• WORK REQUEST
Retype the listing exactly; omit pictures.

━━ GIVEN MATERIAL ━━

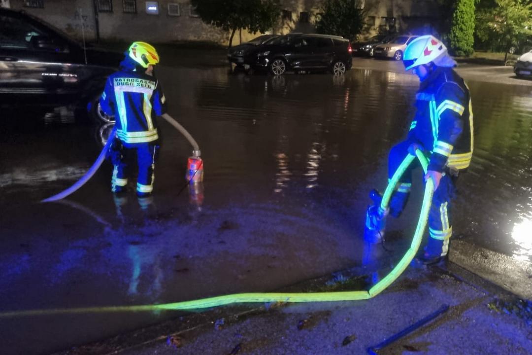 Velike količine kiše koje su pale tijekom dugo najavljivane promjene vremena, sinoć i tijekom noći, još jednom su prouzročile zadržavanje vode na prometnicama i plavljenje dijela podrumskih prostora, u Dugom Selu, pa su niz intervencija imali i dugoselski vatrogasci,  kaže Nikola Tominac načelnik stožera CZ Dugog Sela.
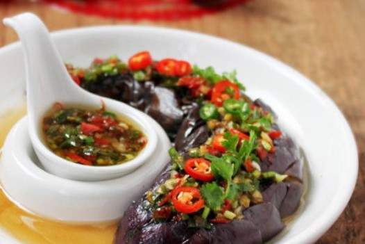 1 cà tím, 2 ớt đỏ, 3 ớt xanh4 tỏi, một lượng nhỏ rau mùi, muối, đường, nước tương hấpNước sốt hàu, hạt tiêu, dầu ô liu
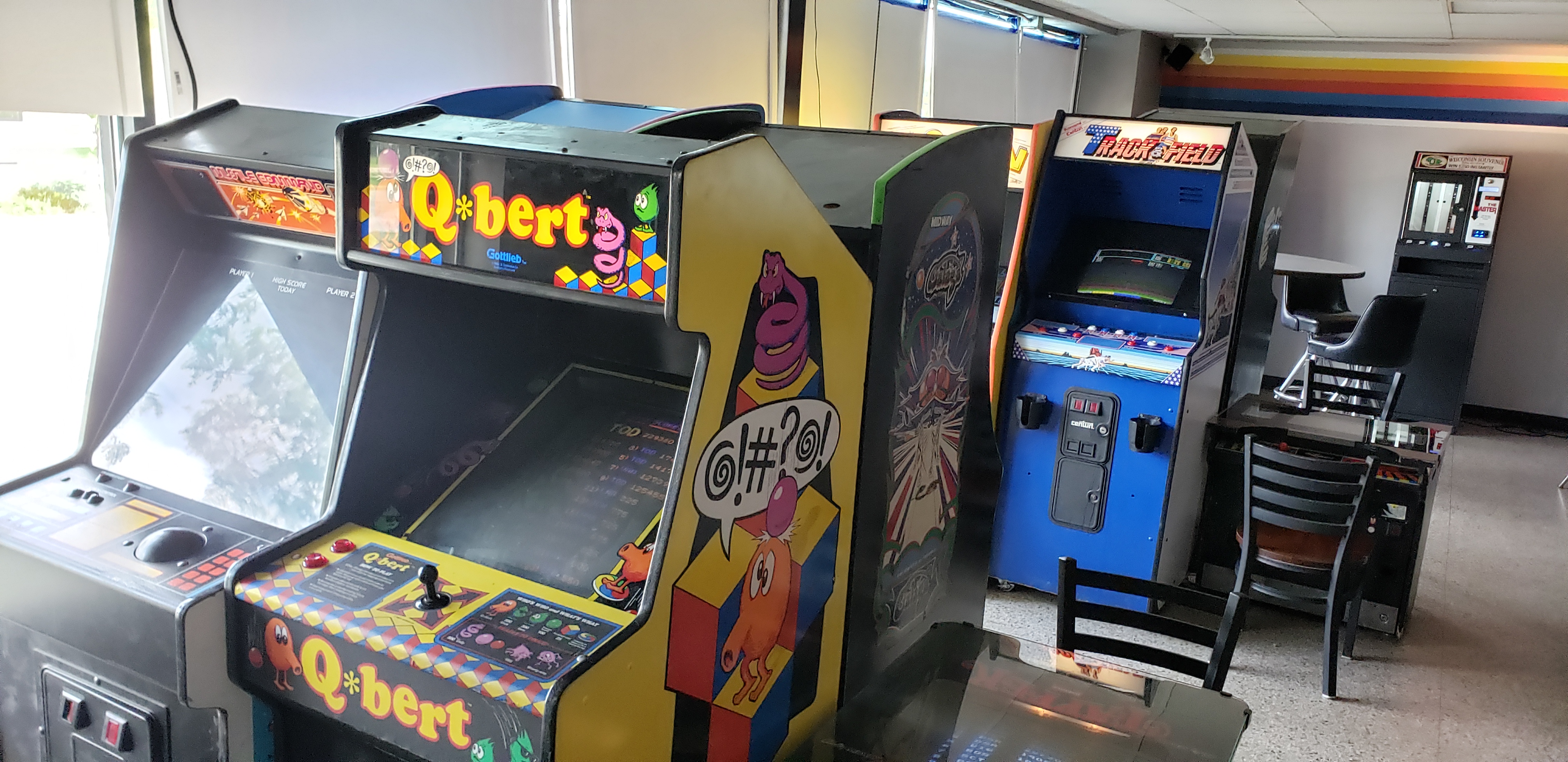 The new Aftershock Classic Arcade follows the currently-popular business model of the “barcade,” with a full bar attached to a large arcade. (Don’t worry though — Aftershock is family-friendly too.) The entrance leads directly into the front room, where not only the bar is located, but also some of the arcade’s rarest and most popular games. It’s here where you’ll find not only good ol’ Pac-Man, Galaga, and Defender, but also some of the crown jewels of Brad’s collection: Chiller, Death Race, Discs of Tron, Star Trek SOS, and an astounding DECO BurgerTime.
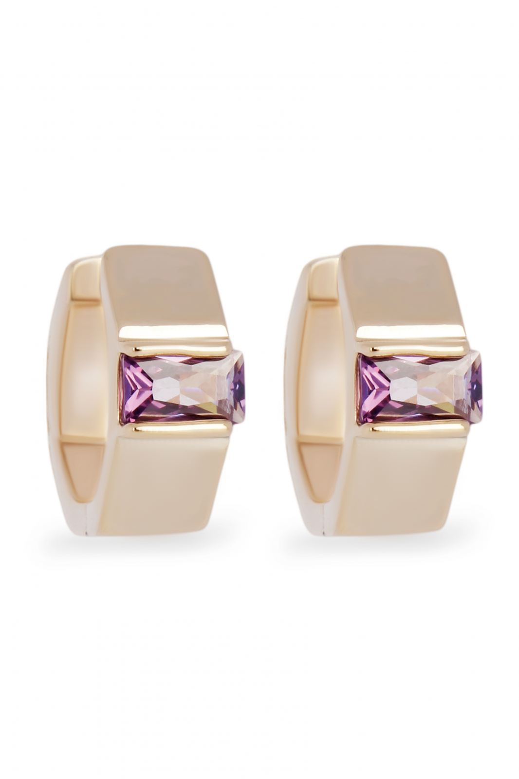 Cercei placați cu aur 18k, cu pietre de zirconiu roz, aranjate intr-o forma geometrică cu un design elegant.

━━━

• OUTPUT
 Velike količine kiše koje su pale tijekom dugo najavljivane promjene vremena, sinoć i tijekom noći, još jednom su prouzročile zadržavanje vode na prometnicama i plavljenje dijela podrumskih prostora, u Dugom Selu, pa su niz intervencija imali i dugoselski vatrogasci,  kaže Nikola Tominac načelnik stožera CZ Dugog Sela.
 1 cà tím, 2 ớt đỏ, 3 ớt xanh4 tỏi, một lượng nhỏ rau mùi, muối, đường, nước tương hấpNước sốt hàu, hạt tiêu, dầu ô liu
 The new Aftershock Classic Arcade follows the currently-popular business model of the “barcade,” with a full bar attached to a large arcade. (Don’t worry though — Aftershock is family-friendly too.) The entrance leads directly into the front room, where not only the bar is located, but also some of the arcade’s rarest and most popular games. It’s here where you’ll find not only good ol’ Pac-Man, Galaga, and Defender, but also some of the crown jewels of Brad’s collection: Chiller, Death Race, Discs of Tron, Star Trek SOS, and an astounding DECO BurgerTime.
 Cercei placați cu aur 18k, cu pietre de zirconiu roz, aranjate intr-o forma geometrică cu un design elegant.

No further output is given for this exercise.